OCTOBER 24, 1974.
THE PEOPLE OF THE STATE OF ILLINOIS, PLAINTIFF-APPELLEE,
SAMMIE WHITE, DEFENDANT-APPELLANT.
APPEAL from the Circuit Court of Sangamon County; the Hon.
HOWARD LEE WHITE, Judge, presiding.
MR. JUSTICE TRAPP DELIVERED THE OPINION OF THE COURT:
This appeal raises, as its single issue, the contention that the maximum in a sentence of 1 to 20 years is excessive.
Defendant was charged with the offense of escape, a Class 2 felony. (Ill. Rev. Stat. 1973, ch. 38, par. 31-6(a).) For such offense the statute provides a minimum of 1 year and a maximum not to exceed 20 years. Ill. Rev. Stat. 1973, ch. 38, par. 1005-8-1(b)(3).

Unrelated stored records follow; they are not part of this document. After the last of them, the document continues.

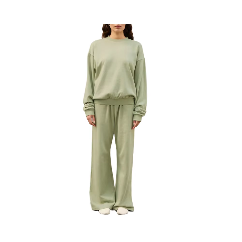 เซ็ตเสื้อสเวตเตอร์กางเกงผ้าฝ้าย100% ลำลองของผู้หญิงปักขนาดใหญ่ฤดูหนาวคอกลมด้านหน้าเอวยางยืดเอวขากว้างสีพื้น
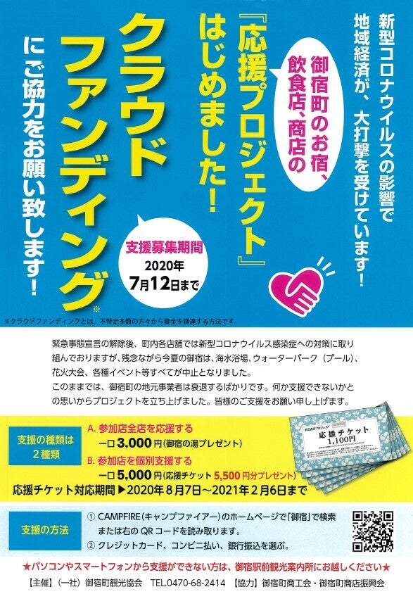皆様、こんにちは。御宿町観光協会です。多くのご支援、誠にありがとうございます。御宿町観光のためにと立ち上げた本プロジェクトへ町内事業者よりサポートが届きました‼誠にありがとうございます。クラウドファンディング募集ポスター、チラシをボランティアで作成いただきました‼誠にありがとうございます。参加店の協力とともに御宿町役場にもご協力いただき、ポスターの掲示やチラシ配布を行っております。より多くの皆様に情報がお届けできればと思います。また、参加店からもメッセージが届いておりますので、随時、皆様にご紹介いたします。よろしくお願いします。
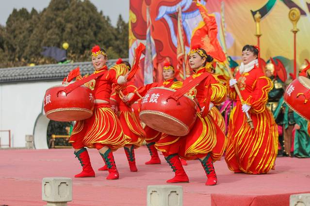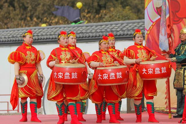 第一轮上场的是大宋腰鼓队,只见数十名女性演员身穿喜庆的大红色服饰,身跨腰鼓、铜锣,伴随着欢乐的音乐,敲打了起来。
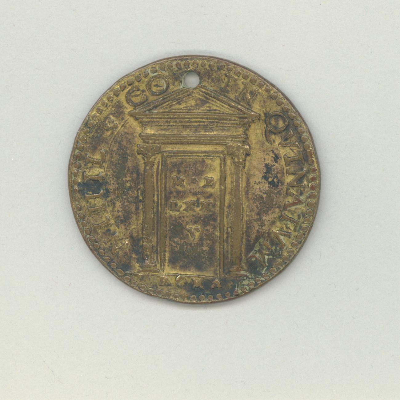 Pauspenning met portret paus Gregorius XIII (1572-1585), met "... A III", kz. H. Deur
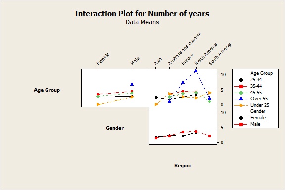 First, I wanted to know what types of people were at the cutting edge of this new and exciting technology.  I created an interaction plot of the age, gender, and region, which I then compared with the number of years the respondents had been using 3D printing technology by choosing Stat > ANOVA > Interactions Plot.
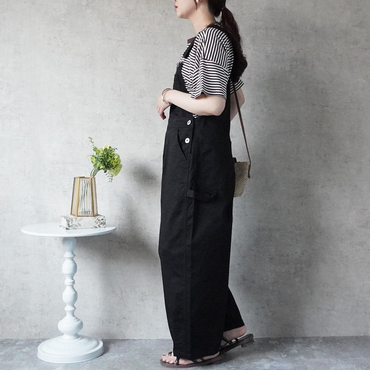 ■仕様:調節可能肩紐、フロントポケット、脇ボタン2個×2個、脇ポケット×2個、後ろポケット×2個、左ひざサイドポケット有

Defendant's plea followed negotiations between counsel. In open court defendant agreed that the sentence imposed was that which had been negotiated. He waived presentence investigation, presentence report and sentence hearing.
In argument defendant agrees that the minimum sentence determines parole eligibility, but urges:
"[I]t is not unlikely that one of the factors considered by corrections authorities in determining the rehabilitation potential of the defendant is the grievousness of the offense, as measured by the court's determination of the maximum period of incarceration warranted."
No authority, other data or experience supports such tentative and speculative conclusions.
• 1 It is further urged that such maximum sentence is so excessive that it may inhibit the defendant's rehabilitation potential. Since his parole eligibility is determined by the maximum sentence, we reach the contrary conclusion that the sentence imposed provides the greatest possible spectrum for the determination of the rehabilitation of the defendant.
• 2, 3 The burden is on defendant to make a substantial showing which justifies reduction of sentence. (People v. Nelson, 41 Ill.2d 364, 243 N.E.2d 225; People v. Fuca, 43 Ill.2d 182, 251 N.E.2d 239.) Defendant's waiver of pre-sentence report and sentence hearing provides no basis but argument for determining that the maximum is harsh. There is no challenge to the fact that the plea was freely negotiated and was voluntarily and intelligently entered.
The judgment is affirmed.
SMITH, P.J., and CRAVEN, J., concur.